>>>

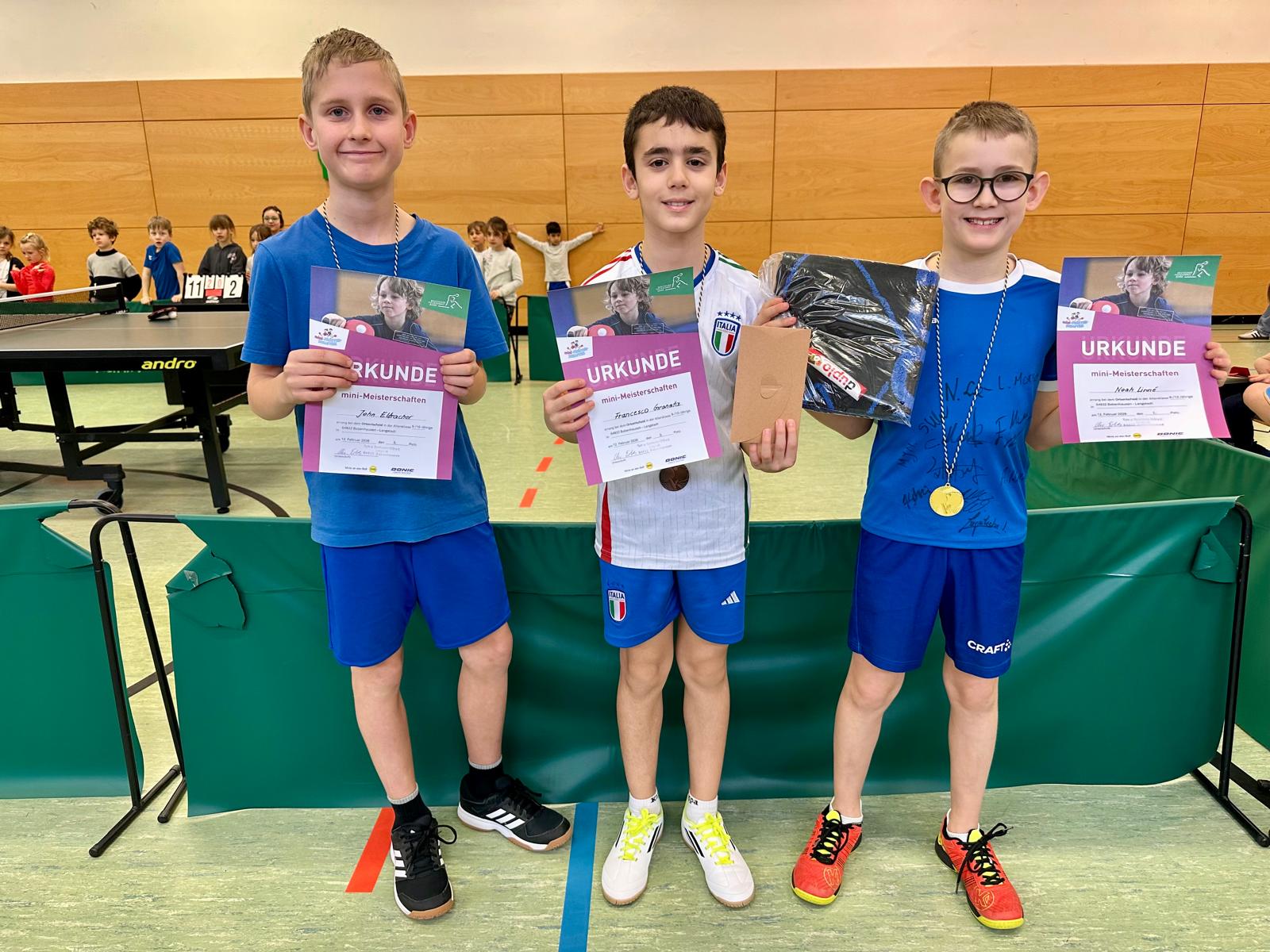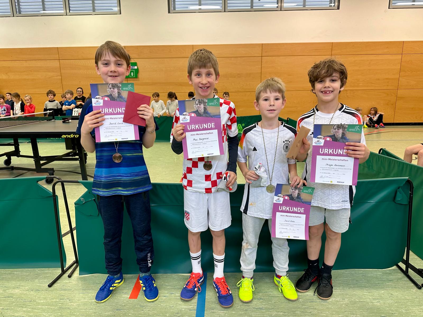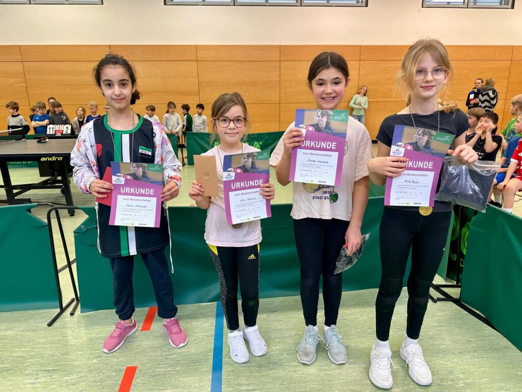 Wer sich beim Ortsentscheid – der ersten Stufe dieses vom Deutschen Tischtennis-Verband begleiteten Wettbewerbs – gut schlägt, darf im März beim Kreisentscheid der mini-Meisterschaften antreten. „Aus jeder der vier Gruppen kommen die ersten vier Kinder, also insgesamt 16 Sieger, weiter“, sagte Abteilungsleiterin Christa Erbes. Für die jeweils vier Erstplatzierten hat die Abteilung Medaillen, Preise und eine Urkunde bereitgestellt. Weiterhin haben alle Platzierten mit ihrer Urkunde, die als Eintrittskarte für ein Bundesligaspiel gilt – egal ob Damen oder Herren-Bundesliga, kostenlosen Eintritt hierzu.
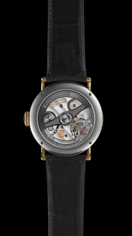 Visible behind the sapphire and steel case back is the automatic Calibre HMC 200. With an engraved oscillating weight and decorated with the Moser double stripes, it beats at 21,600VPH and has a power reserve of three days.
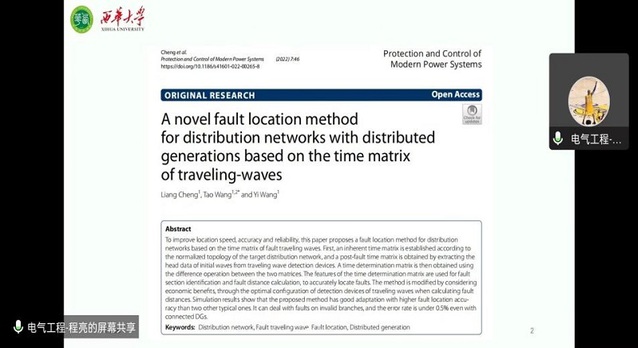 程亮同学进行了题为“A novel fault location method for distribution networks with distributed generations based on the time matrix of traveling-waves”的精彩报告,程亮同学在研究中提出了一种基于时间判定矩阵的配电网波故障定位方法,可以实现配电网故障区判定与故障点位置的精确计算;在对固有参数建立时间判定矩阵时,可通过归一化的架空线行波波速进行构建和计算;此外通过设定误差修订系数,判定有效区故障和非有效分支故障时特征会更明显。
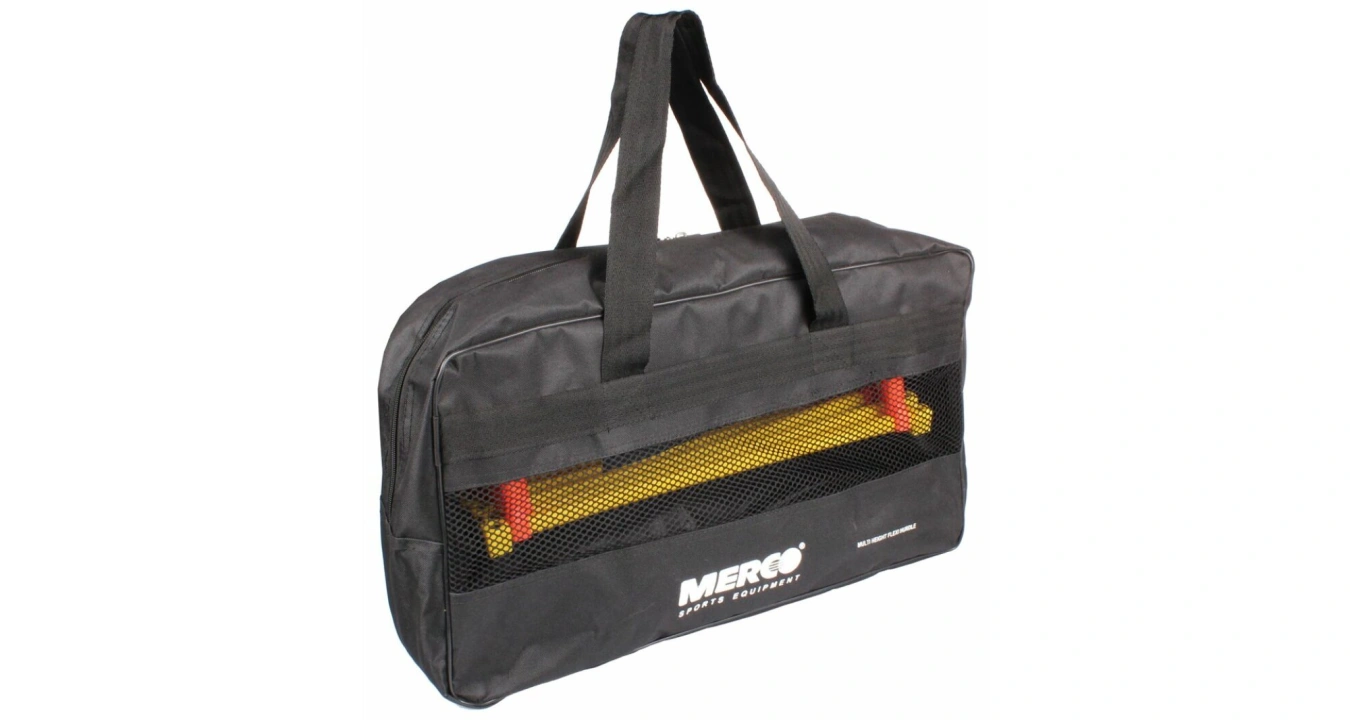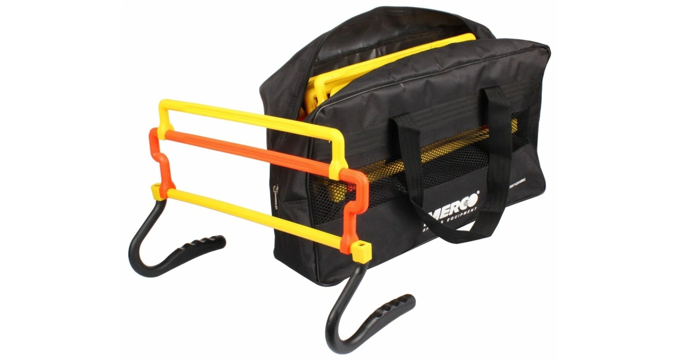 Sada šesti překážek z odolného a lehkého vysokohustotního polyetylenu Merco Universal v praktickém balení slouží k tréninku vertikální i horizontální síly a rychlosti nohou. 44 cm široká plastová překážka Merco Universal umožňuje individuální nastavení výšky na 15 cm, 25 cm a 30 cm, což uživateli přináší větší variabilitu a obtížnost kondičních tréninků. Celková hmotnost sady Merco Universal je 2,5 kg a lze ji používat v interiéru i exteriéru.
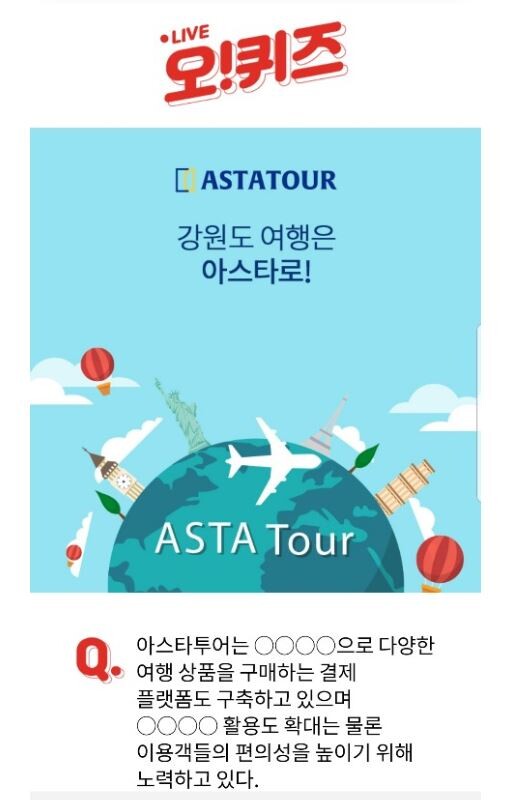 문제는 "아스타투어는 0000으로 다양한 여행상품을 구매하는 결재 플랫폼도 구축하고 있으며 0000 활용도 확대는 물론 이용객들의 편의성을 높이기 위해 노력하고 있다" 이다. 정답은 '가상자산'이다.

<<<

__What to do__: When repeating the listing, keep each line exact and exclude the pictures.

__Reply__:
 Wer sich beim Ortsentscheid – der ersten Stufe dieses vom Deutschen Tischtennis-Verband begleiteten Wettbewerbs – gut schlägt, darf im März beim Kreisentscheid der mini-Meisterschaften antreten. „Aus jeder der vier Gruppen kommen die ersten vier Kinder, also insgesamt 16 Sieger, weiter“, sagte Abteilungsleiterin Christa Erbes. Für die jeweils vier Erstplatzierten hat die Abteilung Medaillen, Preise und eine Urkunde bereitgestellt. Weiterhin haben alle Platzierten mit ihrer Urkunde, die als Eintrittskarte für ein Bundesligaspiel gilt – egal ob Damen oder Herren-Bundesliga, kostenlosen Eintritt hierzu.
 Visible behind the sapphire and steel case back is the automatic Calibre HMC 200. With an engraved oscillating weight and decorated with the Moser double stripes, it beats at 21,600VPH and has a power reserve of three days.
 程亮同学进行了题为“A novel fault location method for distribution networks with distributed generations based on the time matrix of traveling-waves”的精彩报告,程亮同学在研究中提出了一种基于时间判定矩阵的配电网波故障定位方法,可以实现配电网故障区判定与故障点位置的精确计算;在对固有参数建立时间判定矩阵时,可通过归一化的架空线行波波速进行构建和计算;此外通过设定误差修订系数,判定有效区故障和非有效分支故障时特征会更明显。
 Sada šesti překážek z odolného a lehkého vysokohustotního polyetylenu Merco Universal v praktickém balení slouží k tréninku vertikální i horizontální síly a rychlosti nohou. 44 cm široká plastová překážka Merco Universal umožňuje individuální nastavení výšky na 15 cm, 25 cm a 30 cm, což uživateli přináší větší variabilitu a obtížnost kondičních tréninků. Celková hmotnost sady Merco Universal je 2,5 kg a lze ji používat v interiéru i exteriéru.
 문제는 "아스타투어는 0000으로 다양한 여행상품을 구매하는 결재 플랫폼도 구축하고 있으며 0000 활용도 확대는 물론 이용객들의 편의성을 높이기 위해 노력하고 있다" 이다. 정답은 '가상자산'이다.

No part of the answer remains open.